The blues may hold clues.

A researcher in England has identified a bureaucratic fatal flaw in the world’s “Blue Zones” — regions believed to be home to the planet’s populations with the most longevity.

The five areas with a sizeable bit of its population living to be 100 or older — Okinawa, Japan; Sardinia, Italy; Nicoya, Costa Rica; Kiaria, Greece; and Loma Linda, California — all have something else in common beyond super seniors.

Namely, poor record keeping and age data that “is junk to a really shocking degree,” Saul Justin Newman of University College London told Agence France-Presse.

The term “Blue Zones” first came from explorer Dan Buettner. In the early 2000s, he globe trotted to find the keys to a long, happy and healthy life, circling the areas with the best lifestyles in blue.

Newman, however, snarkily contends that the key to longevity is to “move where birth certificates are rare, teach your kids pension fraud and start lying.”

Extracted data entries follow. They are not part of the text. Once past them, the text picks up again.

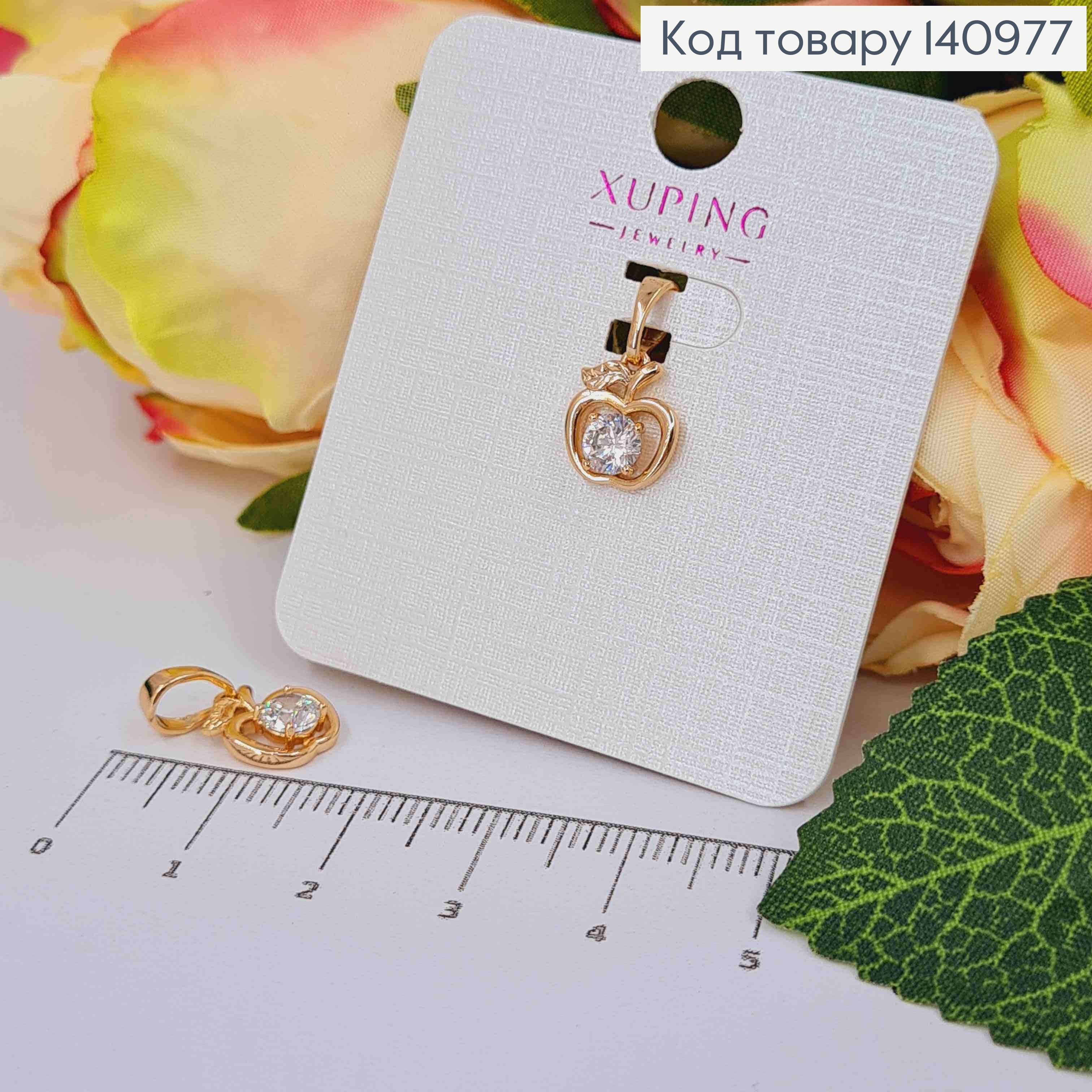 Кулон "Яблоко" с Блестящими камнями, 1 см, Xuping 18K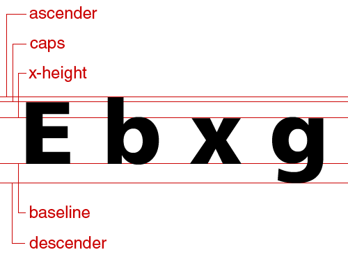 接下來就是要測量你的畫稿,包括所有重要的垂直度量尺寸:基線、下降部、x-高度、大寫高度、上升部。見下面的圖釋。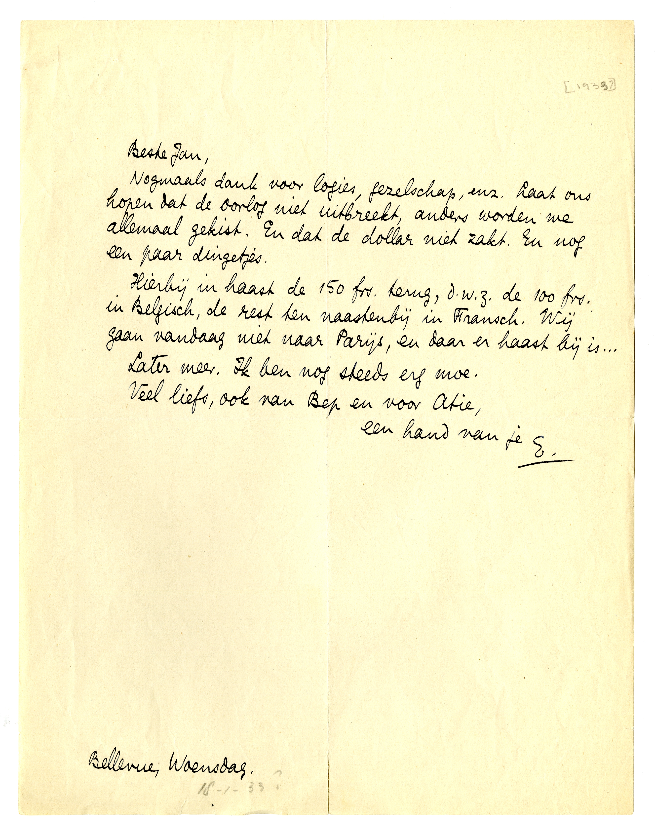 Hierbij in haast de 150 frs. terug, d.w.z. de 100 frs. in Belgisch, de rest ten naastenbij in Fransch. Wij gaan vandaag niet naar Parijs, en daar er haast bij is...

He used the example of Japan’s oldest living person, Sogen Kato, who pushed on to be 111 — or so the government thought.

When officials went to visit Kato on his birthday in 2010, they discovered mummified remains and learned he had likely died in 1978.

Kato was one of the 82% of Japanese centenarians, about 230,000 people, who were dead or missing.

Newman’s findings aren’t exclusive to Japan, either. Research from 2008 in Costa Rica found that, according to previous census data, 42% of the nation’s centenarians were dishonest about their age.

He also found 2012 data showing that 72% of Greece’s over-100-year-old population was either dead or not real.

“They’re only alive on pension day,” Newman said.

Even America’s only Blue Zone of Loma Linda, California — a city southwest of San Bernadino — may be far-fetched. Buettner confessed to the New York Times that his editor pressed the traveler “to find America’s Blue Zone.”

Newman, whose work is being peer-reviewed, was awarded the Ig Nobel Prize — a spoof of the prestigious award — for his research challenging the Blue Zones.

The award page notes that he found that those areas “also corresponded to regions characterized by low incomes, low literacy rates, high crime rates, and short lifespans.”

In rebuttal, the Blue Zone researchers called Newman’s work “ethically and academically irresponsible.”

Instead, they claimed that their team “meticulously validated all ages.”

However, Newman pinpoints a systemic issue with their practice from the get-go.

“If you start with a birth certificate that’s wrong, that gets copied to everything, and you get perfectly consistent, perfectly wrong records,” he said.

However, age researcher Steve Horvath, who is creating his own anti-fraud age-measuring system called a methylation clock, told AFP that Newman’s data “appears to be both rigorous and convincing.”